António Bento dá como exemplo o tratamento de amigdalites (infecção na garganta). “Frequentemente prescrevem-se antibióticos de 5.ª geração – fármacos mais recentes e mais caros – para o seu tratamento, que pode não se justificar, pois a situação podia ser resolvida por outros antibióticos mais antigos e mais baratos”, realça.
Questionado o porquê desta opção de prescrição, o sindicalista responde que “os médicos também são humanos e sensíveis à publicidade. Se lhes dizem que um determinado medicamento é muito bom, que resolve muitas situações, é natural que o prescrevam. O apelo do ministro é para que se prescreva mais correctamente”.
Um outro aspecto contribui para a grande prescrição de medicamentos: o apelo dos doentes.
“Os doentes pedem aos médicos receitas de medicamentos e não admitem sair de uma consulta sem pelo menos uma receita na mão. Temos de reconhecer que as pessoas tomam fármacos em demasia, tomam uns comprimidos para acordar, outros para dormir, uns para fazer este efeito, outros para tirar o seu efeito e não nos podemos esquecer que os medicamentos provocam interacção uns com os outros e o seu efeito pode ser perigoso”, conclui.

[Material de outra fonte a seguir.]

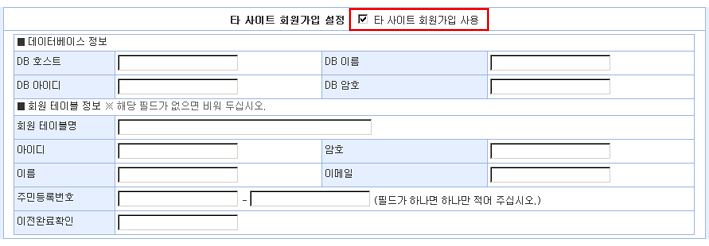 데이터베이스 정보에는 회원정보를 가져올 타사이트의 DB 호스트명 , DB 이름, DB 아이디, DB 암호 등을 정확히 입력합니다.

TRÊS MIL MILHÕES SÓ PARA AS FARMÁCIAS
O estudo ‘Análise do crescimento da despesa no mercado total de medicamentos 2003-2004’, do Observatório do Medicamento do Instituto Nacional da Farmácia e do Medicamento (Infarmed) refere que o aumento da despesa deveu-se em grande parte com a venda dos genéricos, que representaram 7,9 por cento do mercado total.
Tratar a hipertensão arterial foi a maior factura apresentada às farmácias, com uma despesa de 428 milhões de euros no ano passado. O tratamento das doenças do foro psiquiátrico surge em segundo lugar na tabela dos custos, com uma despesa que ronda os 305 milhões de euros, em 2004. A depressão é a principal doença psiquiátrica a merecer tratamento farmacológico, logo seguida da ansiedade e do stress.
O Infarmed considera que “é importante analisar em futuros estudos se a utilização das substâncias mais recentes e mais caras – que em 2004 foram responsáveis por uma despesa de 126 milhões de euros – representam ganhos em saúde que justifiquem os encargos que acarretam para o Serviço Nacional de Saúde e para o utente”.